Brasília (DF) – O Tribunal Superior Eleitoral (TSE) decidiu, por uma maioria de cinco votos a dois, que o senador Flávio Bolsonaro deve remover um vídeo de suas redes sociais no qual vincula o presidente Luiz Inácio Lula da Silva às facções criminosas Primeiro Comando da Capital (PCC) e Comando Vermelho (CV). A determinação impõe um novo capítulo no embate jurídico sobre o uso da desinformação em ambientes digitais.
A ofensiva judicial foi protocolada pela Federação Brasil da Esperança — coalizão composta por PT, PC do B e PV. Na petição, a legenda argumentou que a publicação não apenas configurava propaganda eleitoral extemporânea, mas também espalhava falsas associações entre o atual mandatário da República e grupos ligados ao crime organizado.

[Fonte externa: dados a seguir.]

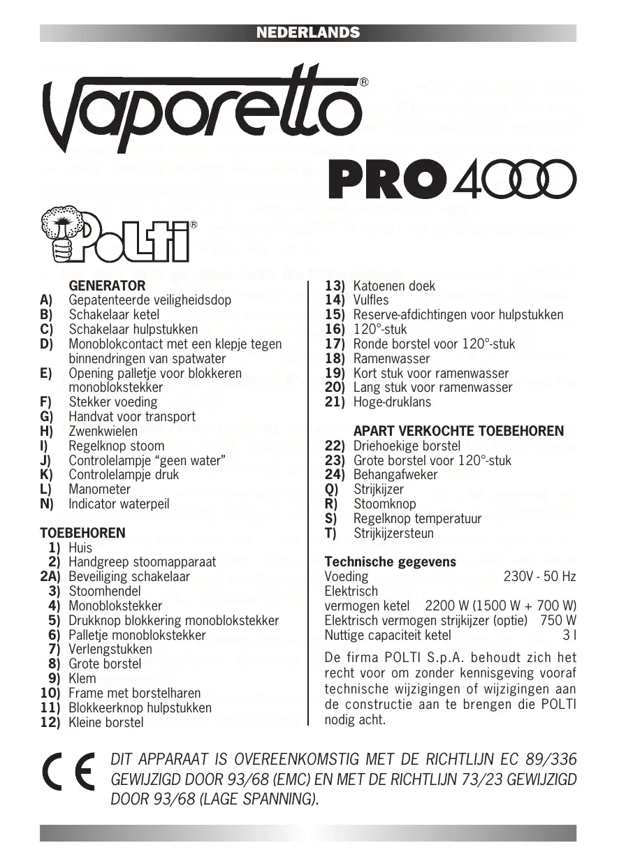 Stainless steel soleplate with 11 holes concentrated at the point. Indicator light to indicate selected temperature has been reached. Heat resistant iron rest. TRIANGULAR BRUSH (22) A new accessory whose shape allows access into the most difficult corners. LARGE BRUSH FOR 120° ACCESSORY (23) A very useful new accessory which allows the 120° steam nozzle to be used for cleaning larger surfaces. WALLPAPER STRIPPER TOOL (24) Specially designed for easy removal of wallpaper without significant wetting. NEDERLANDS Geachte relatie, Wij danken u voor het vertrouwen dat u in POLTI hebt gesteld bij de aankoop van dit produkt. U hebt daarmee bijgedragen aan de bescherming van het meest waardevolle goed om ons heen: DE NATUUR. VAPORETTO PRO 4000 lost in wezen alle problemen op die te maken hebben met reiniging en hygiëne, zonder gebruik te maken van giftige reinigingsmiddelen die schadelijk zijn voor het milieu. Gewoon kraanwater wordt omgezet in waterdamp met een constante krachtige druk. De VAPORETTO maakt gebruik van deze energie om grondiger en milieuvriendelijk te reinigen. Ons team van ontwerpers heeft de VAPORETTO uitgerust met instrumenten waarmee u uw werk efficiënter en veiliger kunt uitvoeren:

O julgamento ocorreu no plenário virtual da Corte. O placar final representou uma derrota para o presidente do tribunal, ministro Nunes Marques. No dia 26 de julho, ele havia indeferido o pedido de liminar que solicitava a derrubada imediata do material, mantendo-o acessível ao público naquele momento.
A reversão dessa posição foi consolidada pelos votos dos ministros Estela Aranha, Ricardo Villas Bôas Cueva, Dias Toffoli, Floriano de Azevedo Marques e Antonio Carlos Ferreira. Do outro lado, apenas o ministro André Mendonça acompanhou o relator original, Nunes Marques, posicionando-se pela manutenção da postagem.

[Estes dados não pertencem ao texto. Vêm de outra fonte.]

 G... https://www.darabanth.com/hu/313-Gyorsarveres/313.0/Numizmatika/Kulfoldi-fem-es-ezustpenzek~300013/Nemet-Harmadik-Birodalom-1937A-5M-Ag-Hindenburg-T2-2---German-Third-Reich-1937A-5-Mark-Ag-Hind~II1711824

Além da ordem direta contra o autor da publicação, o tribunal determinou que a rede social X cumpra a ordem de remoção. A medida reflete o rigor da Justiça Eleitoral diante de conteúdos considerados abusivos ou distorcidos no cenário político brasileiro.

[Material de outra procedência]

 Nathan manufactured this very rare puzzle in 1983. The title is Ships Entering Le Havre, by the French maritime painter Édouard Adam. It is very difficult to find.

Paralelamente a essa discussão, o plenário enfrentou um impasse processual envolvendo outra demanda. O ministro André Mendonça buscava forçar a Federação Brasil da Esperança a fornecer ao tribunal a íntegra das gravações de seu 8º Congresso Nacional e do evento de lançamento do projeto Porta-Vozes de Lula. O pedido incluía, ainda, a entrega de notas fiscais, contratos e todos os comprovantes financeiros referentes à organização dessas agendas.
A Corte, no entanto, optou por não analisar o mérito desse pedido no momento. O tribunal reconheceu um erro na distribuição do processo e determinou que ele seja redistribuído entre os membros competentes para o devido processamento. Nesse ponto específico, a divergência foi liderada por Antonio Carlos Ferreira, Ricardo Villas Bôas Cueva, Floriano de Azevedo Marques e Estela Aranha, com a adesão pontual de Nunes Marques, contrariando a posição defendida por Mendonça e Dias Toffoli.